National Engineering and Technology Research Center for Fruits and Vegetables, College of Food Science and Nutritional Engineering, China Agricultural University, Beijing 100083, PR China.
National Engineering and Technology Research Center for Fruits and Vegetables, College of Food Science and Nutritional Engineering, China Agricultural University, Beijing 100083, PR China; Department of Food and Dairy Sciences and Technology, Faculty of Agriculture, Damanhour University, Damanhour 22516, Egypt.
Int J Biol Macromol. 2024 Jan;254(Pt 1):127725. doi: 10.1016/j.ijbiomac.2023.127725. Epub 2023 Oct 28.

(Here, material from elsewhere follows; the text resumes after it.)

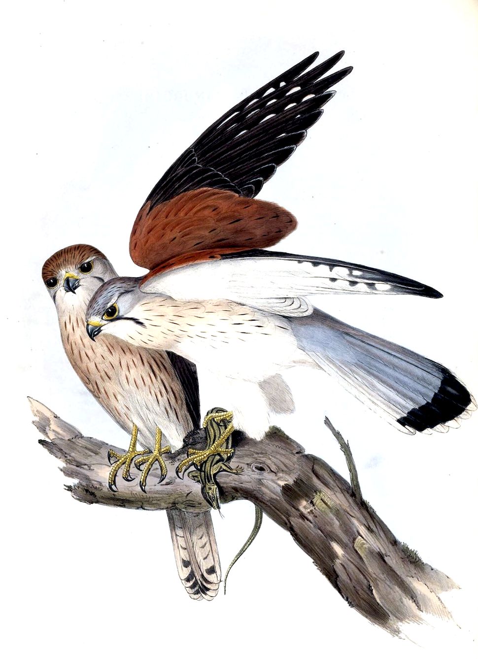 It will be seen, on reference to the synonyms, that I described this bird in the “Proceedings of the Zoological Society,” and figured it in my “Synopsis” under the specific name of fortis; but I have since ascertained, through the kindness of the Earl of Derby in affording me the use and inspection of the three volumes of drawings of Australian Birds, formerly in the possession of the late A. B. Lambert, Esq., that it is identical with the Winking Falcon of Latham; any seeming inattention on my part in describing an apparently new Owl without consulting that author will I hope be readily excused, as few ornithologists would think of looking for the description of this bird under the genus Falco.

Resistant starch (RS) has been extensively studied because of its beneficial effects on gut microbiota. In this study, four RSs obtained through various preparation processes were utilized for in vitro fermentation, and their structural characteristics before and after fermentation were determined using chromatography, Fourier infrared spectroscopy, and scanning electron microscopy (SEM). It was observed that these RSs can be classified into two categories based on their fermentation and structural features. The autoclaving RS (ARS) and extruding RS (ERS) were classified as Class I Microbiome Community (MC-I), characterized by a higher proportion of butyrate and its producers, including unclassified_g_Megasphaera and Megasphaera elsdenii. While microwaving RS (MRS) and ultrasound RS (URS) belonged to Class II Microbiome Community (MC-II), marked by a higher proportion of acetate and its producer, Bifidobacterium pseudocatenulatum DSM 20438. MC-I had a lower molecular weight, shorter chain length, more chains with degree of polymerization (DP) 36-100, and a more ordered structure than MC-II. Furthermore, SEM observations revealed distinct degradation patterns between MC-I and MC-II, which may be attributed to their surface structural characteristics. These findings imply that the preparation methods employed for RS can determine its multilevel structural characteristics, and consequently influence its physiological properties.
抗性淀粉(RS)因其对肠道微生物群的有益影响而受到广泛研究。在这项研究中,使用了通过各种制备工艺获得的四种 RS 进行体外发酵,并使用色谱、傅里叶变换红外光谱和扫描电子显微镜(SEM)来确定发酵前后的结构特征。观察到,这些 RS 可以根据它们的发酵和结构特征分为两类。高压蒸煮 RS(ARS)和挤压 RS(ERS)被归类为微生物组社区(MC-I),其特点是丁酸及其产生菌(包括未分类的_g_Megasphaera 和 Megasphaera elsdenii)的比例较高。而微波 RS(MRS)和超声 RS(URS)属于微生物组社区(MC-II),其特征是乙酸及其产生菌双歧杆菌假长双歧杆菌 DSM 20438 的比例较高。MC-I 的分子量较低,链长较短,DP 为 36-100 的链更多,结构更有序。此外,SEM 观察表明 MC-I 和 MC-II 之间存在明显的降解模式,这可能与其表面结构特征有关。这些发现表明,RS 所采用的制备方法可以决定其多层次的结构特征,并进而影响其生理特性。